The French horn is one of the orchestra’s most skittish instruments, with a notoriously flighty temperament. It has the widest range of all the brass and an almost endless number of potential notes. Sometimes you just don’t know for sure what’s going to come out of that bell. Just ask Jeffery Whaley, the Knoxville Symphony Orchestra’s principal horn player, who has wrestled with the instrument for much of his career.
This week, in KSO’s first Masterworks Series concert, Whaley will play one of the jewels of the literature: the horn solo that opens the second movement of Tchaikovsky’s Fifth Symphony.
“Tchaikovsky is known for writing beautifully memorable melodies, and this one is no exception,” Whaley says. “It resides somewhere between a lullaby and a prayer. … Tchaikovsky wrote for the horn beautifully in all of his symphonies, with notable horn passages in each. He uses the horns very densely to create a wash of sound.”
That can be gorgeous for the listener, but it’s taxing for the player. The only way to get any control is with embouchure—varied and exacting mouth muscle pressure. Like all musicians, Whaley is an “athlete of the small muscles,” he says.
“To be able to take your lips and press them into a metal funnel and buzz them for two-plus hours, with accuracy and artistry, takes years of practice.
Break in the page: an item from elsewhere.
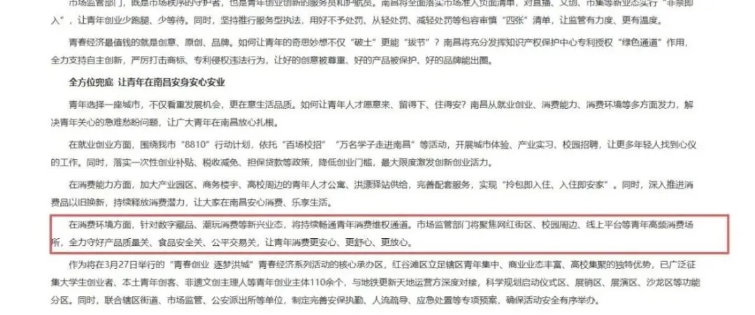 2026年3月26日,南昌市人民政府发布《南昌市促进青春经济实施方案》,首次明确将数字藏品、潮玩消费等新兴业态纳入“青年消费”范畴,并指定市场监管部门为监管主体。这一政策被业内视为数字藏品行业走向规范化的重要信号,试图在创新与风险之间划定清晰边界。

A page of whole notes can feel like doing a plank with your face.”
Part of Whaley’s challenge will be to fit his part into the greater orchestral fabric. Even with a clear beat from a conductor, 70 people playing an array of different instruments aren’t going to move in lockstep, especially in such a Romantic, push-me-pull-you piece. It takes a perceptive ear, well versed in the entire score, to recognize when, for instance, the horn is calling and the clarinet is answering.
Whaley says the Tchaikovsky is an ideal piece for the Masterworks debut of Aram Demirjian as KSO’s new conductor. “It relies heavily on conductor interpretation, giving our new music director a perfect vehicle to begin shaping the orchestra.”